Dataset excerpts.
....

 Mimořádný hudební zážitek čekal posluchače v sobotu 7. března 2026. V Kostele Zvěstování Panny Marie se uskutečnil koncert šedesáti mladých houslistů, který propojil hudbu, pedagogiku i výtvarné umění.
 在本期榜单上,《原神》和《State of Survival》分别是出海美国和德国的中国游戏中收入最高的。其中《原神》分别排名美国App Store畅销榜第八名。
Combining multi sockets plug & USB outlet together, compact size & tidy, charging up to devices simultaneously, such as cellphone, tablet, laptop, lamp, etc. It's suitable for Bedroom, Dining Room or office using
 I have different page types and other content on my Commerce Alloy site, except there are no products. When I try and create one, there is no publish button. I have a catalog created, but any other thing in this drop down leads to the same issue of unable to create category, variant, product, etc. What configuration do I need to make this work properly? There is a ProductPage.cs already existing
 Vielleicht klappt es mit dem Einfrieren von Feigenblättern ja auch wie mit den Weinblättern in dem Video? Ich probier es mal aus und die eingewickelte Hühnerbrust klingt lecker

....

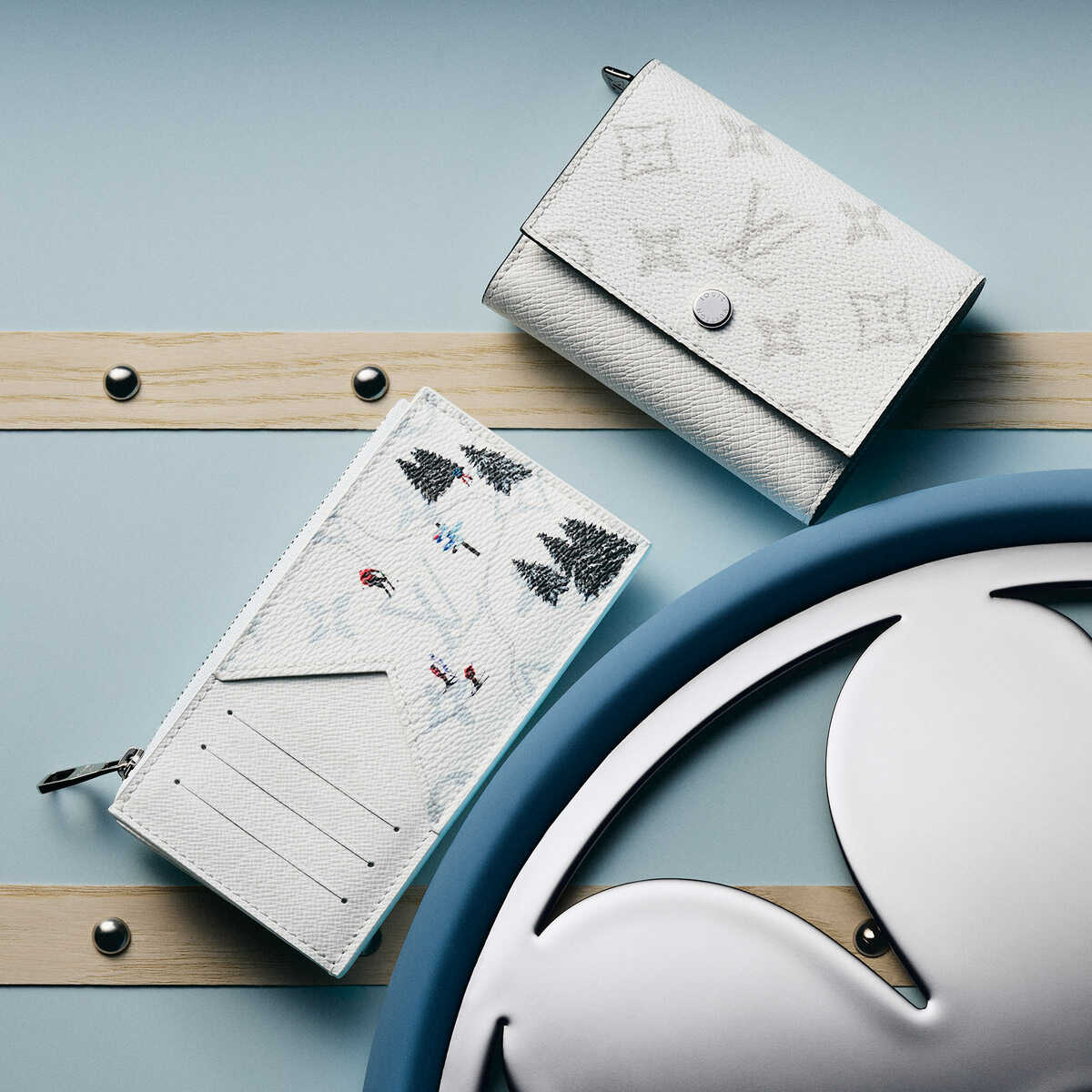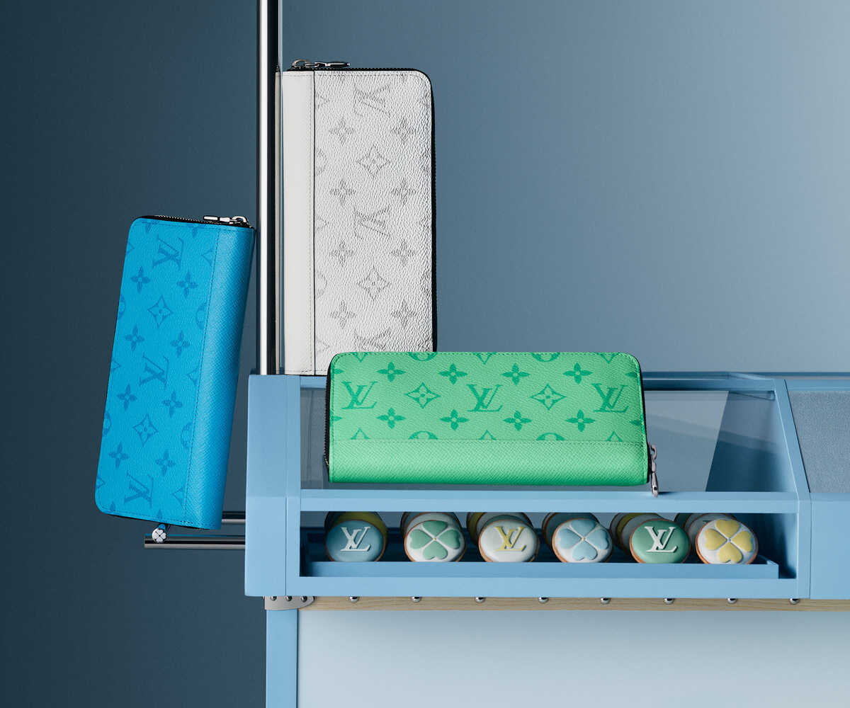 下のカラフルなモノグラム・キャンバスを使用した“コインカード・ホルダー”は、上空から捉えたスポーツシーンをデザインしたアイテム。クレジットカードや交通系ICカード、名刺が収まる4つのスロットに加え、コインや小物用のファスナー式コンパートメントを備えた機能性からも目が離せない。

....

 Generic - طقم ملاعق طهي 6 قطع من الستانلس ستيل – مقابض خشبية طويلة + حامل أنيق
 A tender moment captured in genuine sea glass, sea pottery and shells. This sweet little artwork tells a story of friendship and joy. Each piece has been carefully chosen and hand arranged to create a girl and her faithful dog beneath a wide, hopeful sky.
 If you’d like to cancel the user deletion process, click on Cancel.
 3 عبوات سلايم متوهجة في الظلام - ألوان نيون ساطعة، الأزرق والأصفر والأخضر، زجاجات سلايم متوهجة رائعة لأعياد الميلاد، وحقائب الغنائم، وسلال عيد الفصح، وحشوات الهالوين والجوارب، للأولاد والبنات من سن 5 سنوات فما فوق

....

Your objective.
Spot the lines above that mention "create" and copy them.

Final answer.
 I have different page types and other content on my Commerce Alloy site, except there are no products. When I try and create one, there is no publish button. I have a catalog created, but any other thing in this drop down leads to the same issue of unable to create category, variant, product, etc. What configuration do I need to make this work properly? There is a ProductPage.cs already existing
 A tender moment captured in genuine sea glass, sea pottery and shells. This sweet little artwork tells a story of friendship and joy. Each piece has been carefully chosen and hand arranged to create a girl and her faithful dog beneath a wide, hopeful sky.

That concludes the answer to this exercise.